Task brief — Retype the material that follows exactly, limited to the lines from the one with "カラーコーンを頭の上に乗せて" through the one with "얇고 투명한 유리 위로", and keep out all pictures.

Input —
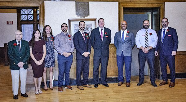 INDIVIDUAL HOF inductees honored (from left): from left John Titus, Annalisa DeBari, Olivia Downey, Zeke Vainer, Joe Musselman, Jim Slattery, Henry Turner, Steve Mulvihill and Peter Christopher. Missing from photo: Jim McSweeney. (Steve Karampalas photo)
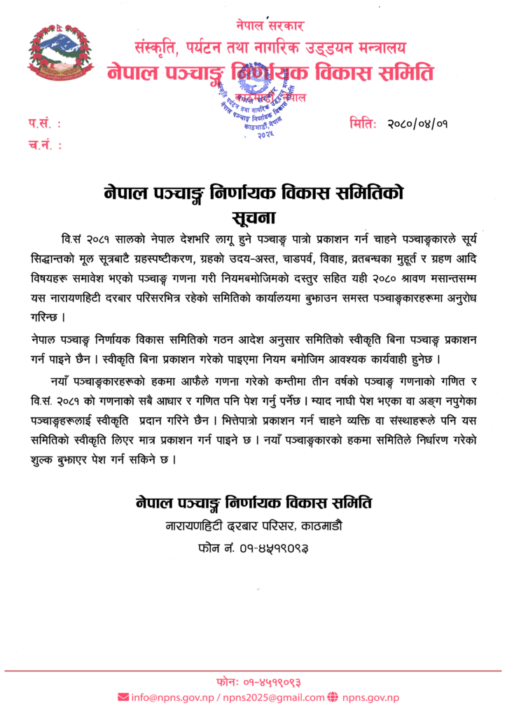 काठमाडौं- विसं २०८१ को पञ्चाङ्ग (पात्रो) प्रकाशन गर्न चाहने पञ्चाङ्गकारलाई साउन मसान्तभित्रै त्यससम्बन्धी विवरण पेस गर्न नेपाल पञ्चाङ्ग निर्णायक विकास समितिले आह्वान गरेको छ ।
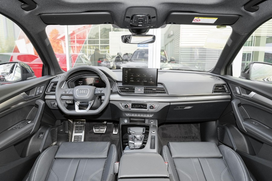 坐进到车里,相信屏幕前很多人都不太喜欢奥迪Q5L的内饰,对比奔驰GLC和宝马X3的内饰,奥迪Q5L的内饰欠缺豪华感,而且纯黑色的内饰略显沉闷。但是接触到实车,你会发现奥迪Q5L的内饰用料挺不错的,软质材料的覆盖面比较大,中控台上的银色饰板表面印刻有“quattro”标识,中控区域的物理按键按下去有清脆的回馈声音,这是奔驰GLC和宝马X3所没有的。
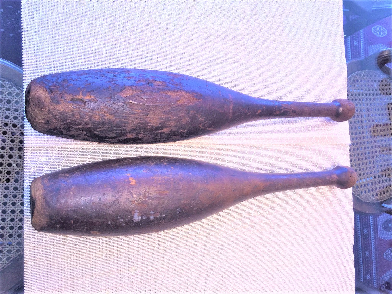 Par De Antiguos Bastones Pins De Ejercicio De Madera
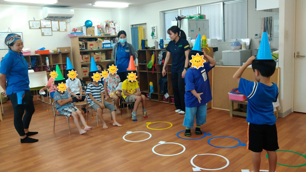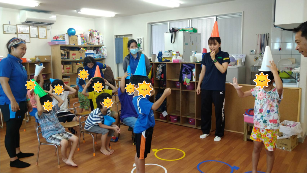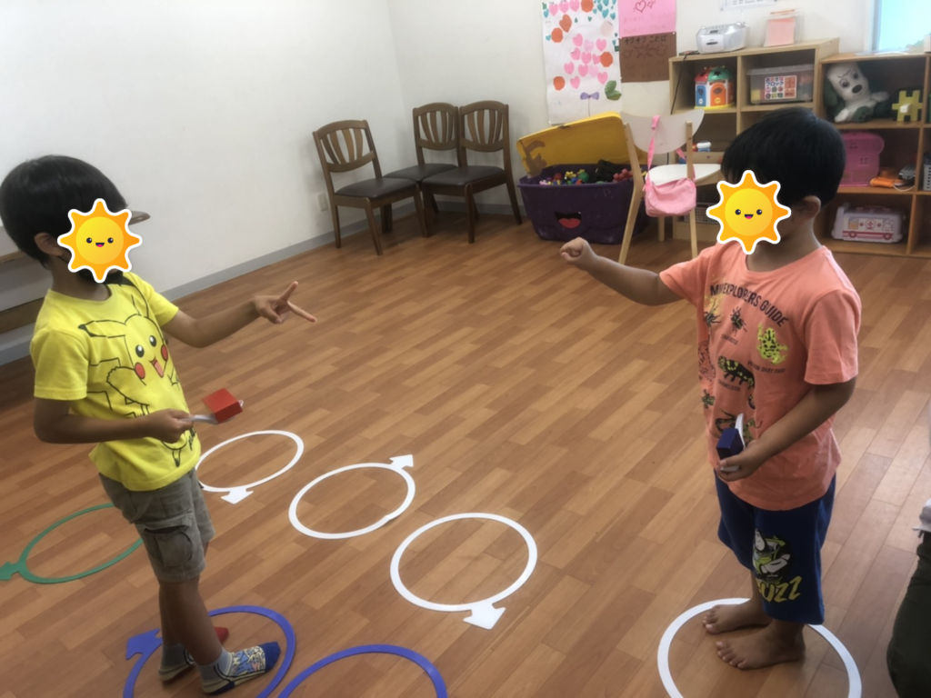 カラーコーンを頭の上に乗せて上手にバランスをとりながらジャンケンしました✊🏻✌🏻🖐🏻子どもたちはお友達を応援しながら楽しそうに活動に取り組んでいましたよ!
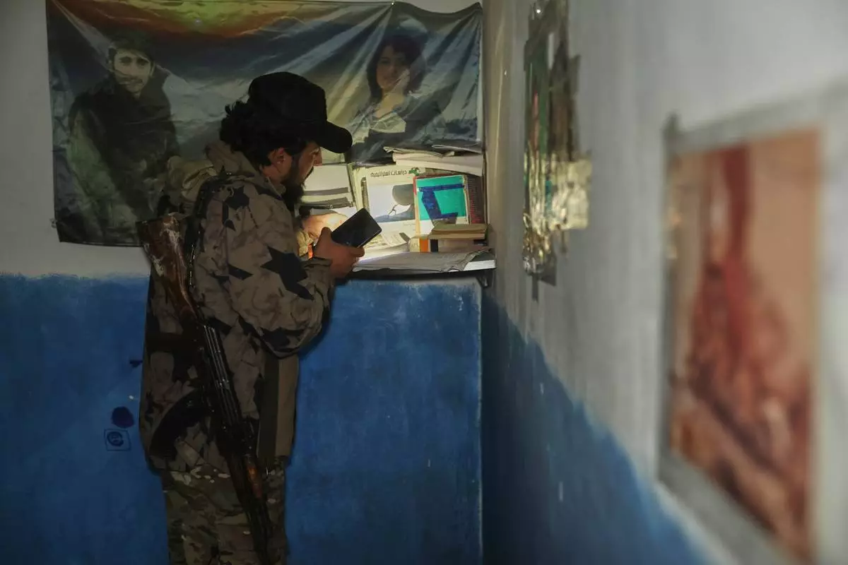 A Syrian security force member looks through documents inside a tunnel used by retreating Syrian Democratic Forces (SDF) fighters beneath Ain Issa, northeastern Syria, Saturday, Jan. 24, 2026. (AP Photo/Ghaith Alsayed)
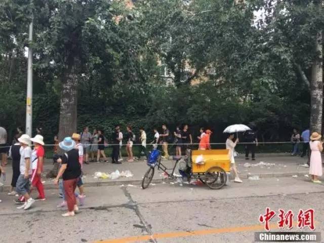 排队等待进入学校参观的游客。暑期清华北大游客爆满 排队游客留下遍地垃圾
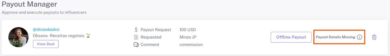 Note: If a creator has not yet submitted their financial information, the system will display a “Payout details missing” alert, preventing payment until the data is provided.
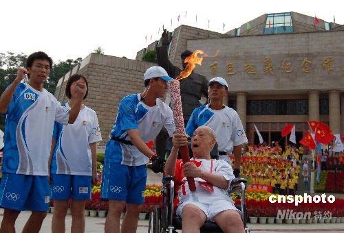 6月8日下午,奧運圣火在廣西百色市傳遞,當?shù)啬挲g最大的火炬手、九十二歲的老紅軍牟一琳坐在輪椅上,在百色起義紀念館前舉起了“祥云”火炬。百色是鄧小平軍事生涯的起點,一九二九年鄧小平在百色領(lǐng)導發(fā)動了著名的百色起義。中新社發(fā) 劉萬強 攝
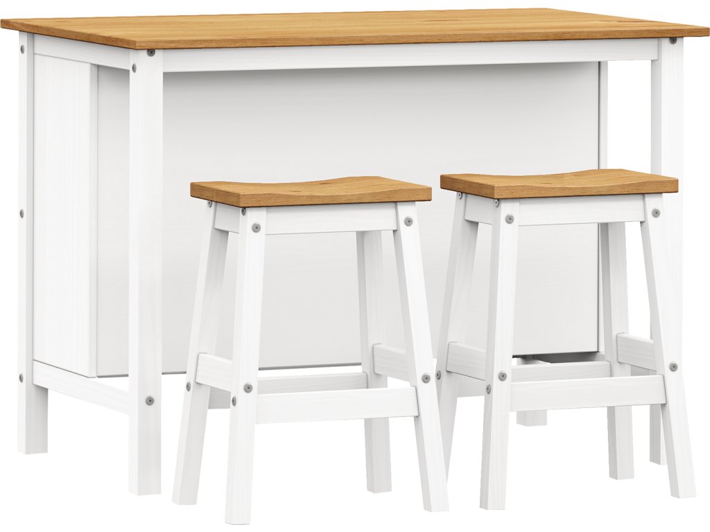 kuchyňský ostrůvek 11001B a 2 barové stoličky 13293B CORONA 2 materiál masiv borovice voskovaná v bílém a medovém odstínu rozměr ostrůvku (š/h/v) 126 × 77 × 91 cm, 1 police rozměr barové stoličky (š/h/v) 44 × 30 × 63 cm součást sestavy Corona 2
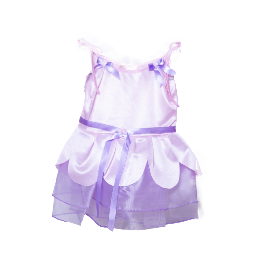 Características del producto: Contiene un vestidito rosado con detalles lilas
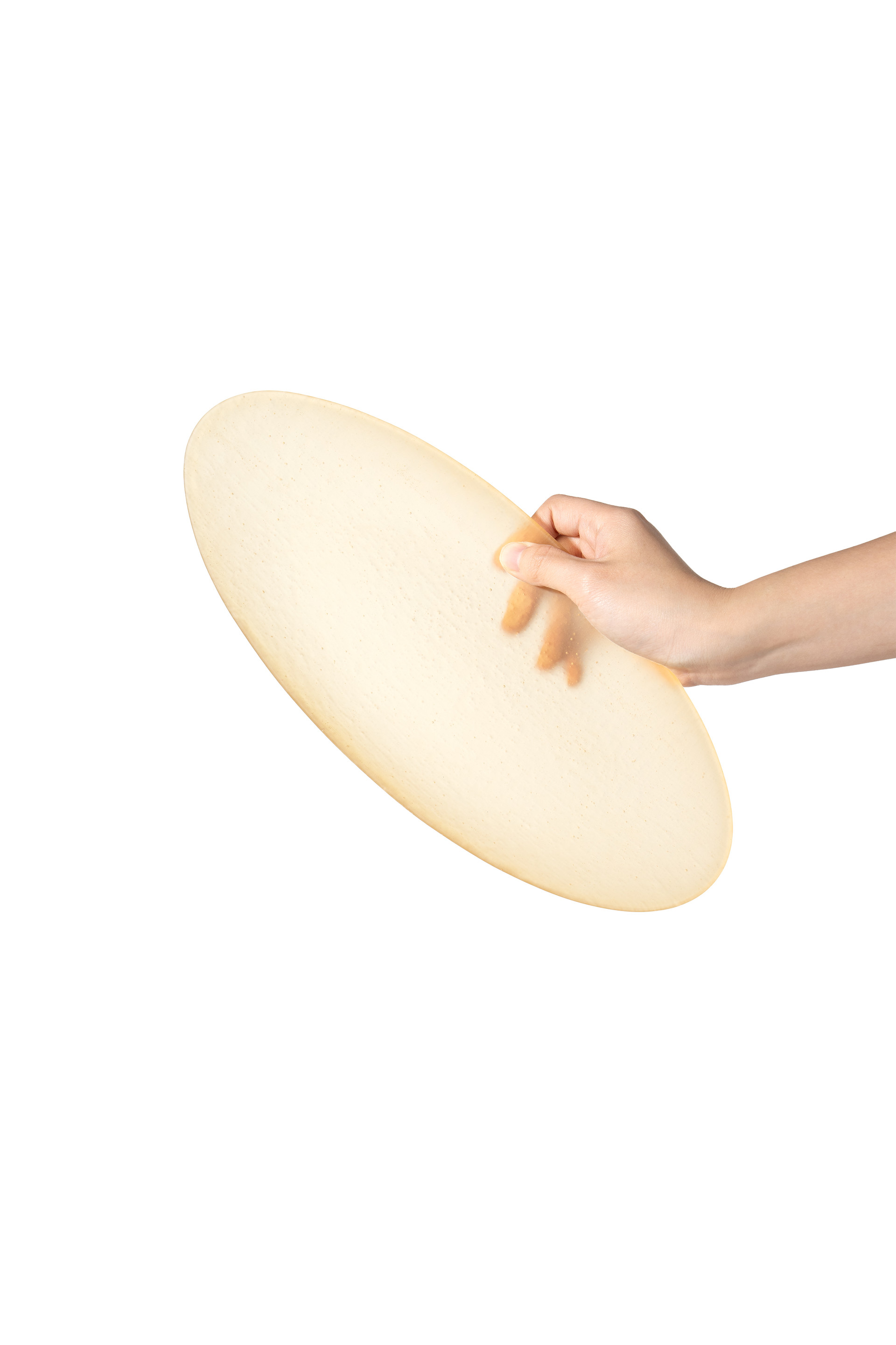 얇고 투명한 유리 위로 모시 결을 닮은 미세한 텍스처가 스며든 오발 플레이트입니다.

--

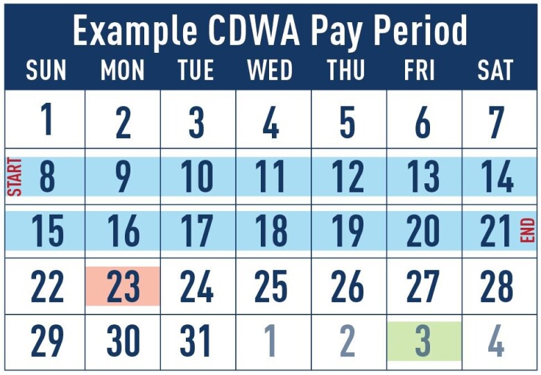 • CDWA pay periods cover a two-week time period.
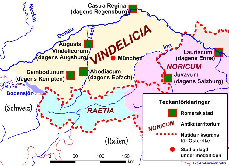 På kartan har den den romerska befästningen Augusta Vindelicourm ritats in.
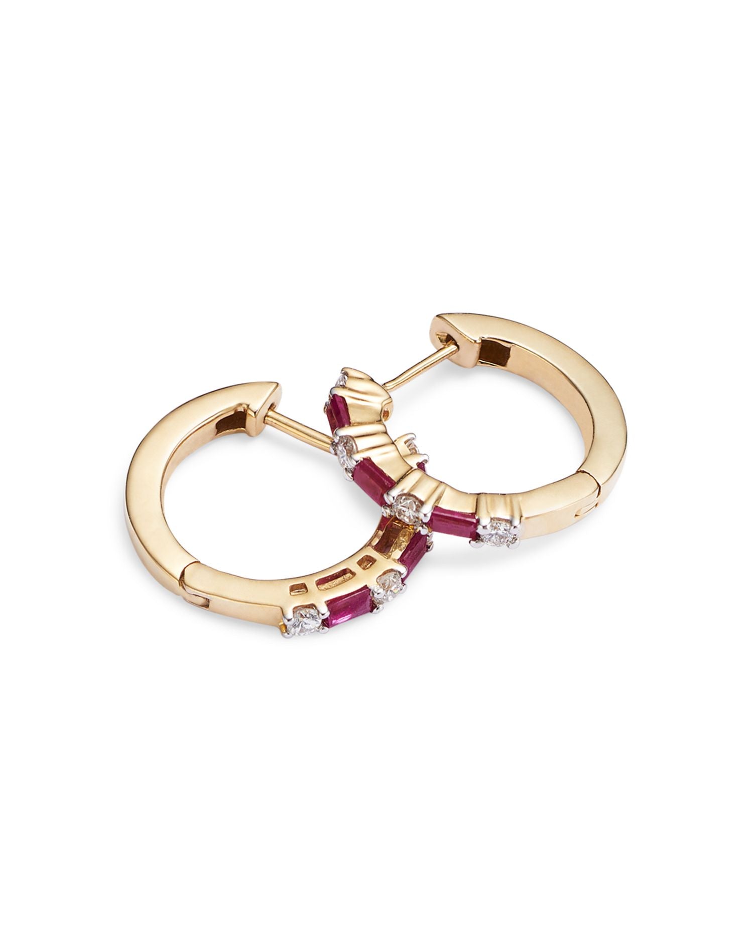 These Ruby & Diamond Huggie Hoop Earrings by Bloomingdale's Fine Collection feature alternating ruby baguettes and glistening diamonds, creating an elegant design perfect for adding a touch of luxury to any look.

Response box —
 カラーコーンを頭の上に乗せて上手にバランスをとりながらジャンケンしました✊🏻✌🏻🖐🏻子どもたちはお友達を応援しながら楽しそうに活動に取り組んでいましたよ!
 A Syrian security force member looks through documents inside a tunnel used by retreating Syrian Democratic Forces (SDF) fighters beneath Ain Issa, northeastern Syria, Saturday, Jan. 24, 2026. (AP Photo/Ghaith Alsayed)
 排队等待进入学校参观的游客。暑期清华北大游客爆满 排队游客留下遍地垃圾
 Note: If a creator has not yet submitted their financial information, the system will display a “Payout details missing” alert, preventing payment until the data is provided.
 6月8日下午,奧運圣火在廣西百色市傳遞,當?shù)啬挲g最大的火炬手、九十二歲的老紅軍牟一琳坐在輪椅上,在百色起義紀念館前舉起了“祥云”火炬。百色是鄧小平軍事生涯的起點,一九二九年鄧小平在百色領(lǐng)導發(fā)動了著名的百色起義。中新社發(fā) 劉萬強 攝
 kuchyňský ostrůvek 11001B a 2 barové stoličky 13293B CORONA 2 materiál masiv borovice voskovaná v bílém a medovém odstínu rozměr ostrůvku (š/h/v) 126 × 77 × 91 cm, 1 police rozměr barové stoličky (š/h/v) 44 × 30 × 63 cm součást sestavy Corona 2
 Características del producto: Contiene un vestidito rosado con detalles lilas
 얇고 투명한 유리 위로 모시 결을 닮은 미세한 텍스처가 스며든 오발 플레이트입니다.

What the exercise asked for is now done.